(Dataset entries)
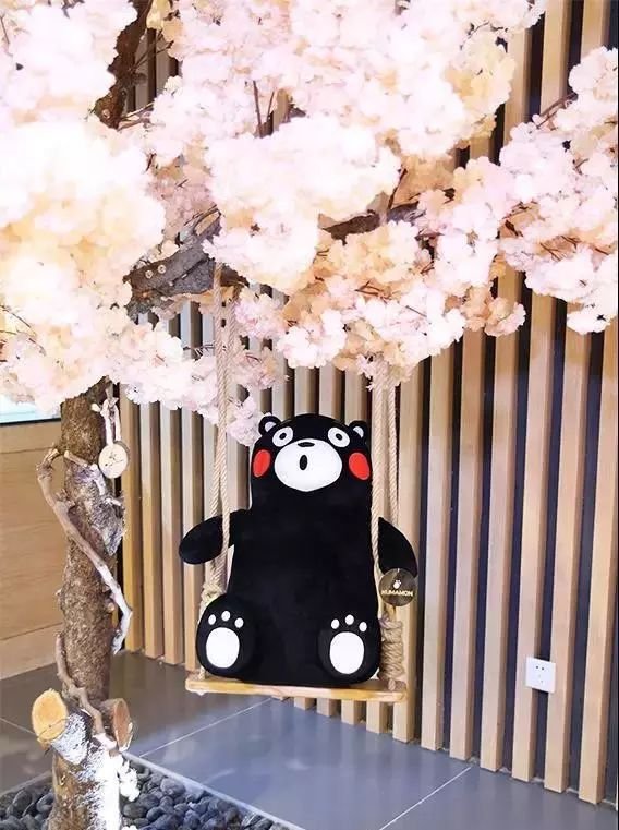 店里有颗樱花树,爱卖萌的熊本熊没事就爱去那荡荡秋千~打卡!
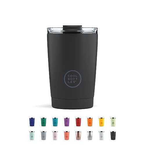 Cool Bottles - Tumbler - Gobelet Isotherme en Inox - 330 ml - Mono Black - Tasse à Café Thermique - Couvercle Hermétique - Boissons froides 10h et chaudes 5h - Finition Anti-tâches
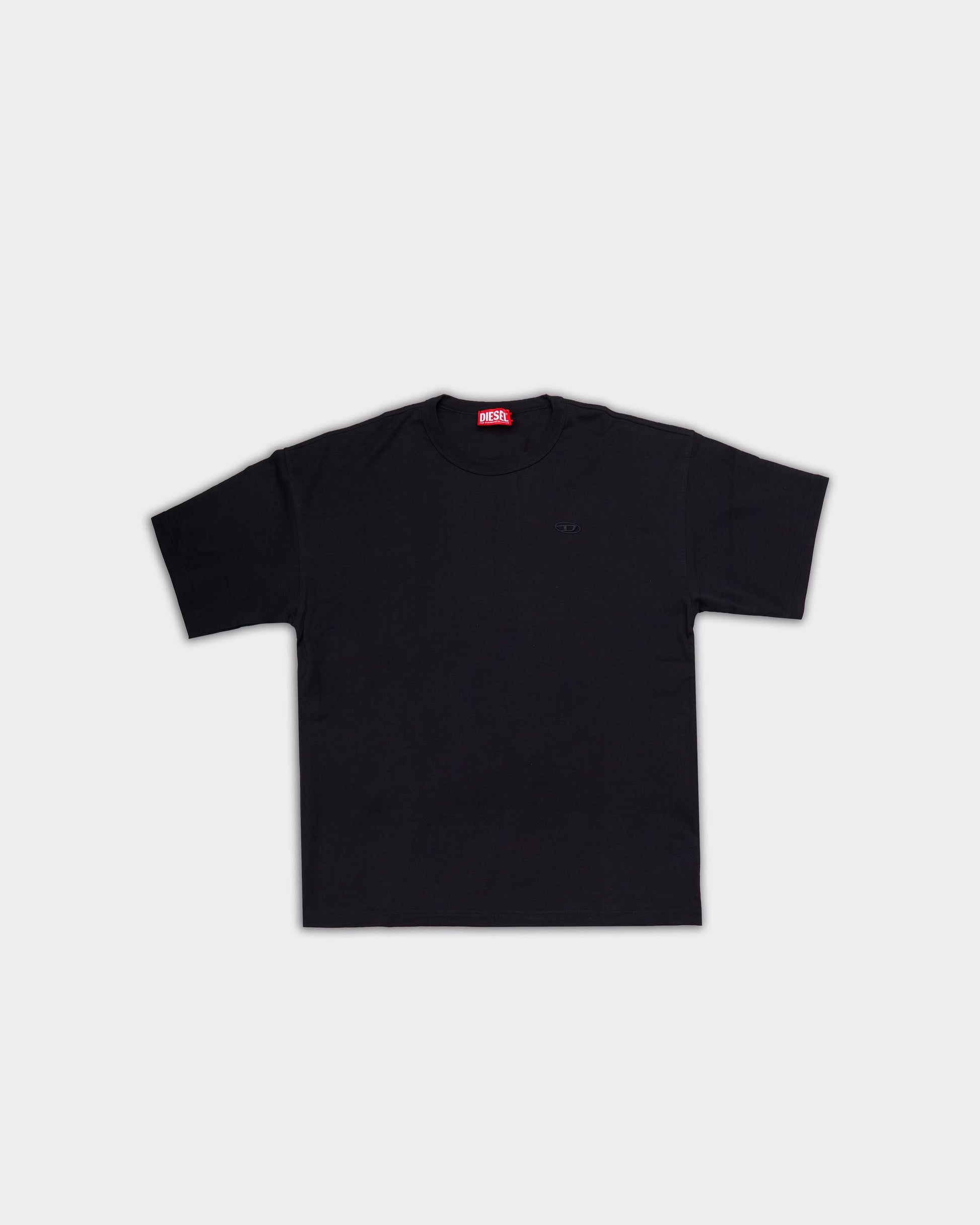 T-shirt nera con piccolo logo tono su tono sul petto. Tessuto in cotone.
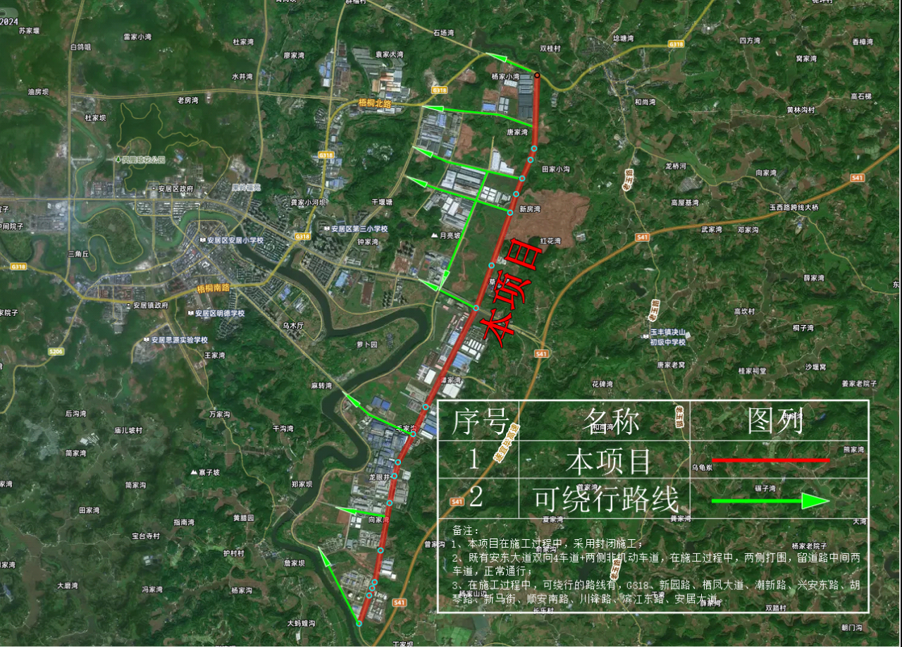 因遂宁高新技术产业园区装备制造园基础建设及道路改造工程、遂宁天齐绿色低碳产业园基础设施建设项目(二期)(二标段)(安东大道提升改造)建设需要,将对该路段进行封闭施工,为确保工程的顺利实施及周边通行车辆和人员的交通安全,根据《中华人民共和国道路交通安全法》的有关规定,现将有关事项通知如下:
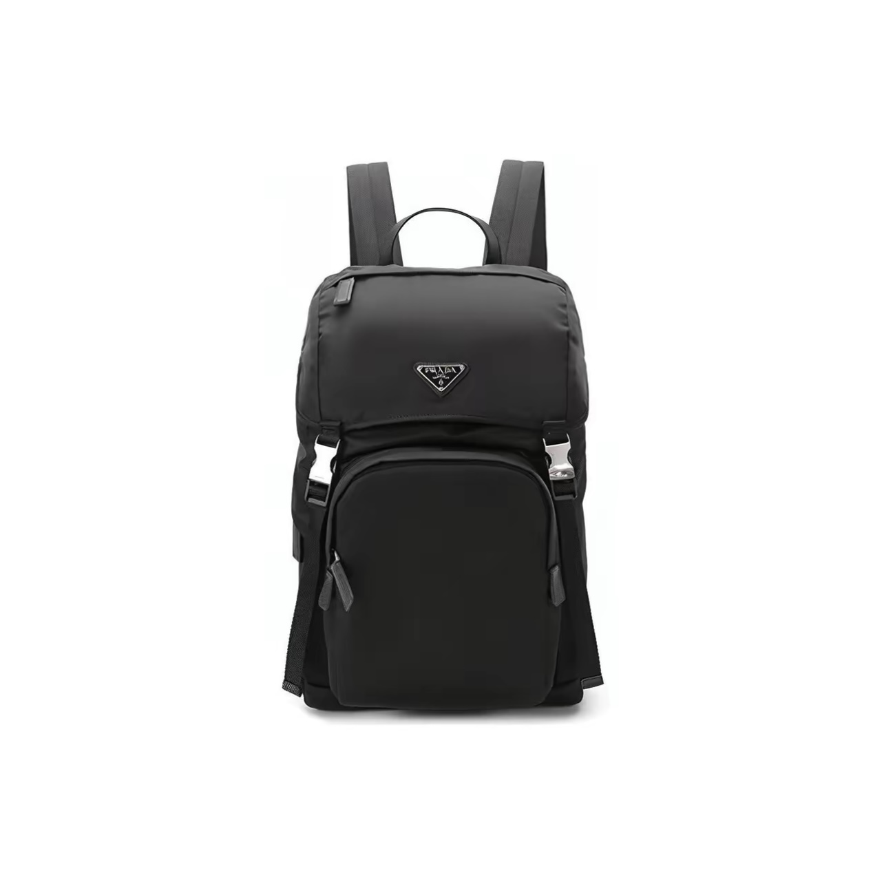 Prada Re-Nylon Drawstring Buckle Backpack Black made from Re-Nylon + Saffiano Leather. Features Four exterior zips and flap with buckle.

**WHAT THE EXERCISE ASKS**
Pictures are to be left out when the lines from the one containing "因遂宁高新技术产业园区装备制" through the end of the records above are repeated exactly; no other line is wanted.

**WRITTEN SOLUTION**
 因遂宁高新技术产业园区装备制造园基础建设及道路改造工程、遂宁天齐绿色低碳产业园基础设施建设项目(二期)(二标段)(安东大道提升改造)建设需要,将对该路段进行封闭施工,为确保工程的顺利实施及周边通行车辆和人员的交通安全,根据《中华人民共和国道路交通安全法》的有关规定,现将有关事项通知如下:
 Prada Re-Nylon Drawstring Buckle Backpack Black made from Re-Nylon + Saffiano Leather. Features Four exterior zips and flap with buckle.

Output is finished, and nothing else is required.